The Mexican brick industry on the Texas border has no relevance to brick in Cali. It is not worth the freight to ship them there. 

Here, you have to have contacts with the brickmakers; they do not have salesmen or office staff of any sort. If you do not speak Spanish, give it up. You have to pay for the brick before they are made then wait for the brick to be produced, which can take 60-180 days with no timetable available. You are better off letting them handle the border crossing, unless you are familiar with working with customs and bonded warehouses, and plan on visiting the border in person with cash money to facilitate the process.

You must also accept that these are Mexican brick, and they will not match the sample panel.
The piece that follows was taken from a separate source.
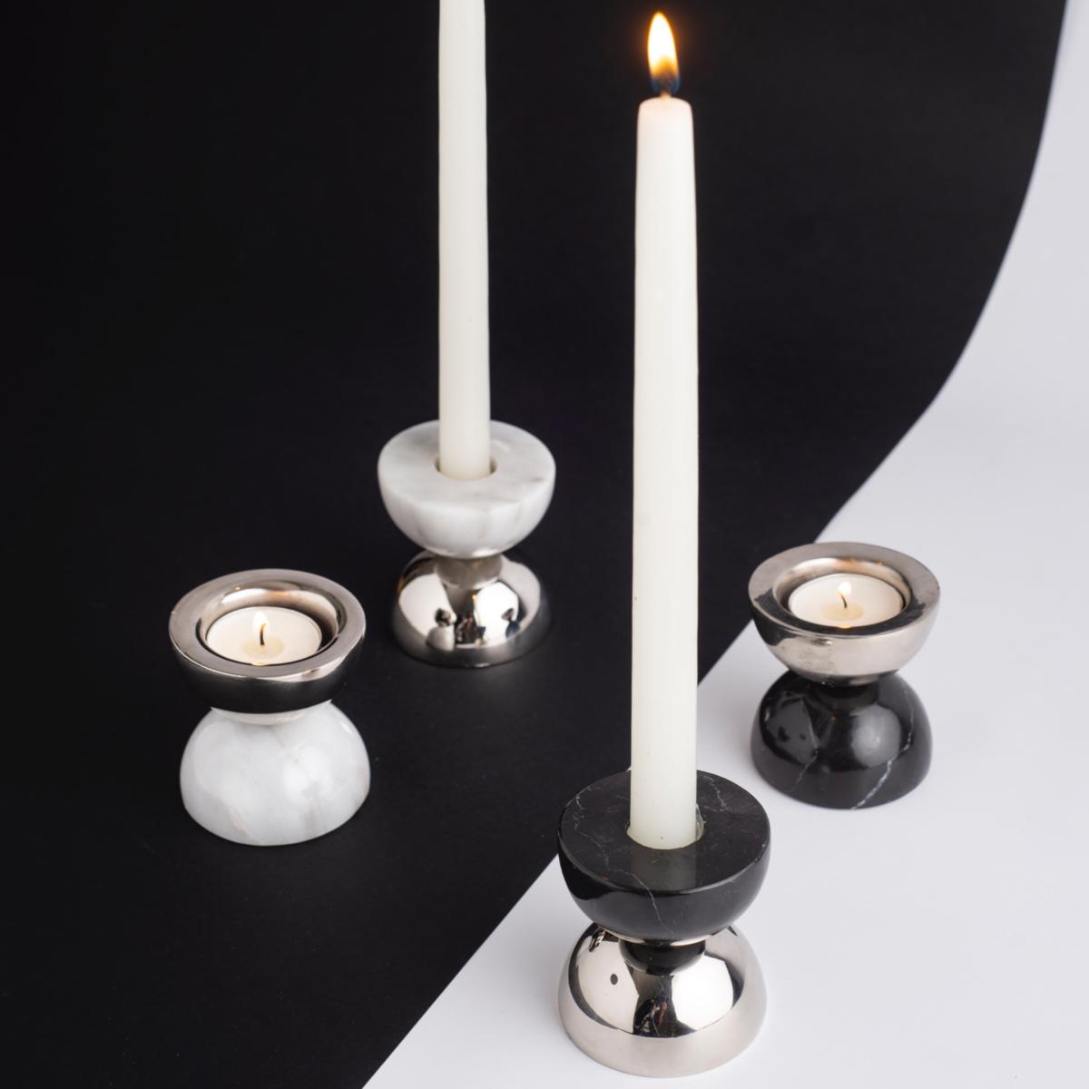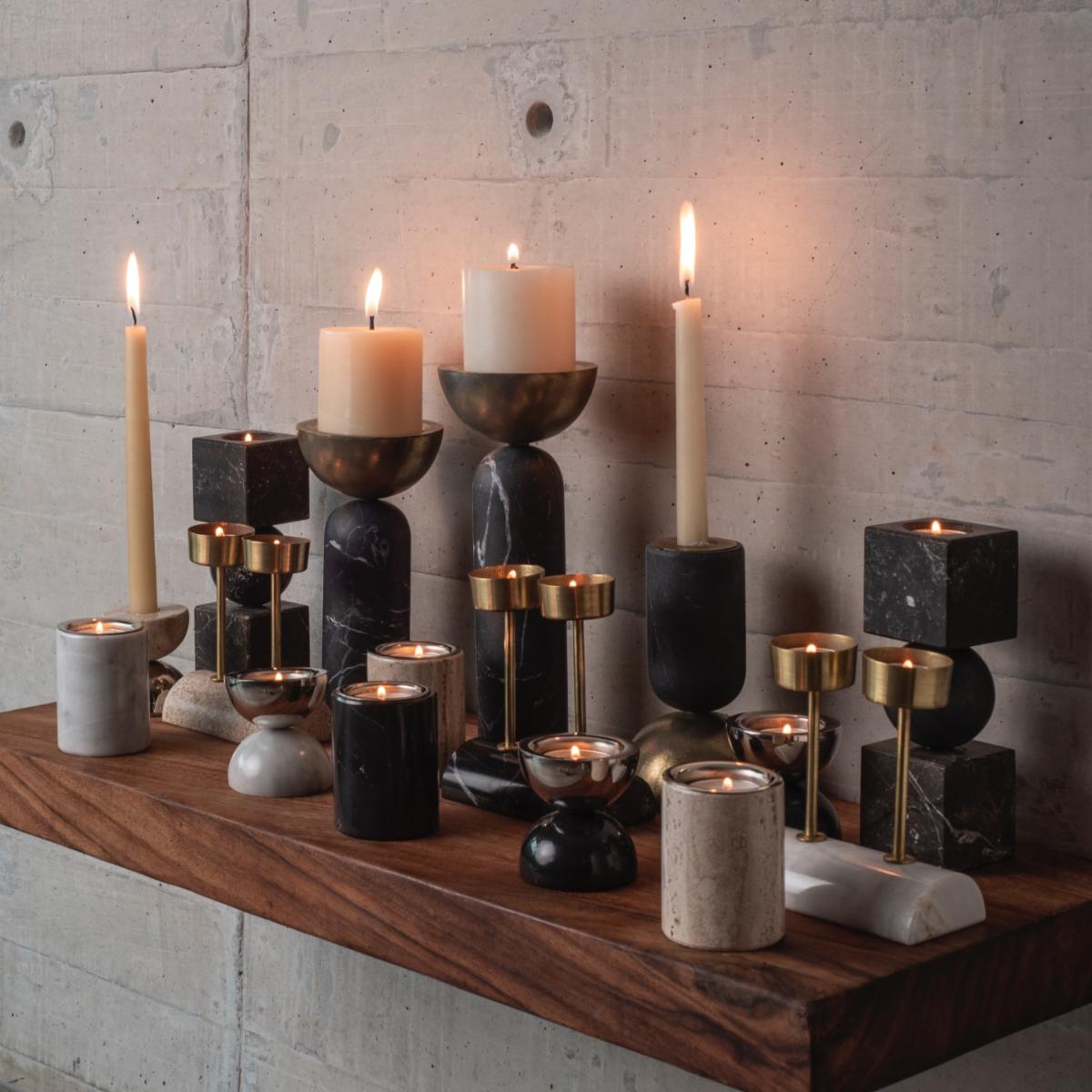 Experience the ultimate in versatility and sophistication with Bruci's Balance candle holders, exclusively designed for the discerning connoisseur of luxury home décor. Whether you prefer the warm glow of traditional tealight candles, the fragrant allure of oil candles, or the hypnotic dance of flames atop an oil burner, these exquisitely handcrafted candle holders offer unparalleled versatility. Each piece is meticulously crafted in our workshop with the finest materials, including nickel-plated brass and your choice of opulent white, black, or travertine marble. The unique design and impeccable craftsmanship of these candle holders make them a standout addition to any interior space, lending an air of refined elegance and timeless sophistication.

If you need 80,000 brick, order 120,000 so that you can fulfill your contract.

The above applies to handmade, woodmold, wood fired brick, if you want information on gasfired machine made Mexican brick they are equivalent to dealing with American brick producers.

http://brokebrick.com/brickyard.htm


The handmade Mexican brick are a nice brick, but they are not suitable for areas of freeze thaw or use as pavers and carry no ratings or warranty at all. Caveat Emptor.


----------



## desertpatriot (Dec 18, 2011)

BrandConst said:


> Howdy patriot!


houdy hi from the low desert


----------



## desertpatriot (Dec 18, 2011)

*Mexican Brick Cont.*

Tscarborough,
thank you for the update. agreed, the mexican brick is quite beautiful and is actually well suited for our low desert mild climate. it's just a matter of getting it (14 pallets) here form tecate, mexico. gonna make a trip down to mexicali soon and speak to the mexican consulate. will keep ya posted


----------